Friday, July 30. 2004
James Robertson is starting what should be an interesting series of postings on Content Management System myths. This particular article, CMS Myth #1: Installing a CMS must be hard, highlights what a client or CMS user should expect when setting up a new system.
Nowadays, however, many organisations have pretty simple needs. They want to publish a website, containing mostly static content with a handful of extra features (such as secure login, online events calendar).
If you fall into this category, then you can reasonably expect CMS products to install out-of-the-box. That's not to say you won't need some vendor assistance during the initial project, you will. What you won't have to do, though, is customise the product.
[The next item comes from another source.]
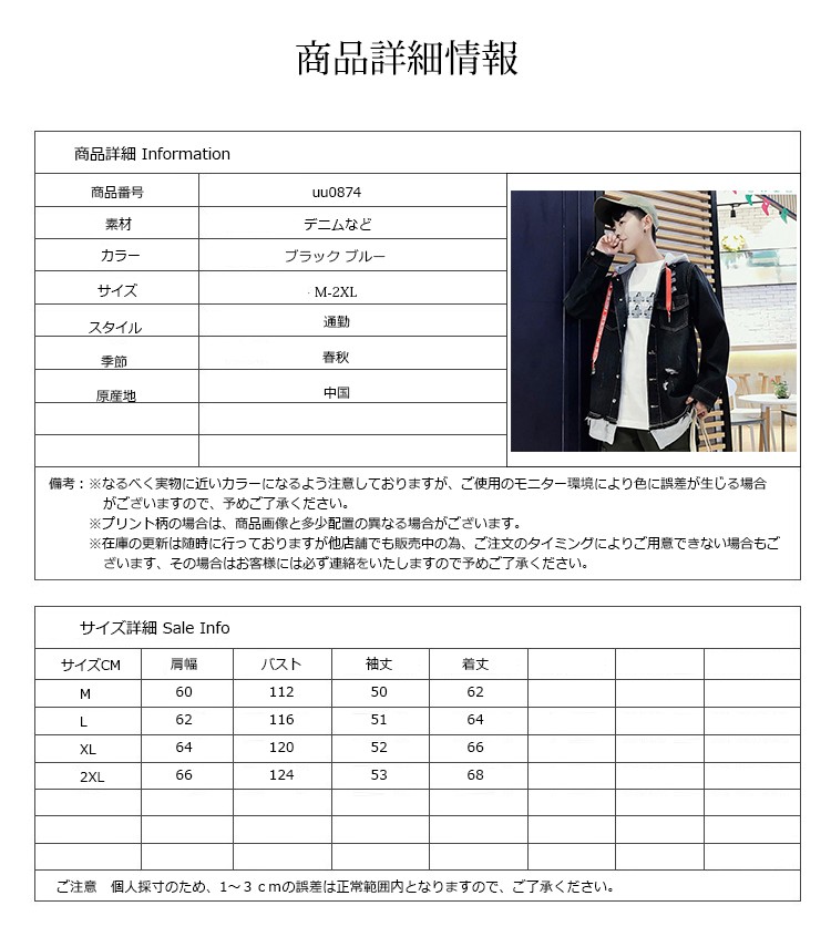 ■素材:デニムなど■カラー:ブルー ブラック■サイズ:M着丈62バスト112肩幅60袖丈50L着丈64バスト116肩幅62袖丈51XL着丈66バスト120肩幅64袖丈522XL着丈68バスト124肩幅66袖丈53■原産地:中国

While we can't claim that Syntax CMS is super easy to install out-of-the box, once it is up and running, I think we hit the majority of the do's and don'ts he highlights. Out-of-the box you get the authoring interface, publishing system and can start creating your own pages and putting content on them. You would still have to update the templates to give your site its own particular design.
Wednesday, July 28. 2004
It might be good to use the thumbnail generating class at http://phpthumb.sourceforge.net/ as the thumbnail processor available. It has a number of features that would be nice to enable via parameters or wrapper processors:
- A border (configurable color & width) can be applied.
- Thumbnails can be a fixed dimension regardless of source aspect ratio and background filled with configurable color.
- Border corners can optionally be rounded (independant horizontal & vertical radius)
Tuesday, July 27. 2004
Most of the time when you're building a web site, you are pullng information from a database according to some criteria and then formatting for output, usually HTML but it could be RSS or XML or something else entirely. The way to handle this in Syntax CMS is to create a list capability within a module. You'll probably end up having a module per datatype to handle the various individualities of working with different datatypes. This tutorial shows you a general approach to writing flexible, reusable, and powerful list capabilities that can then be called from section templates or even other modules.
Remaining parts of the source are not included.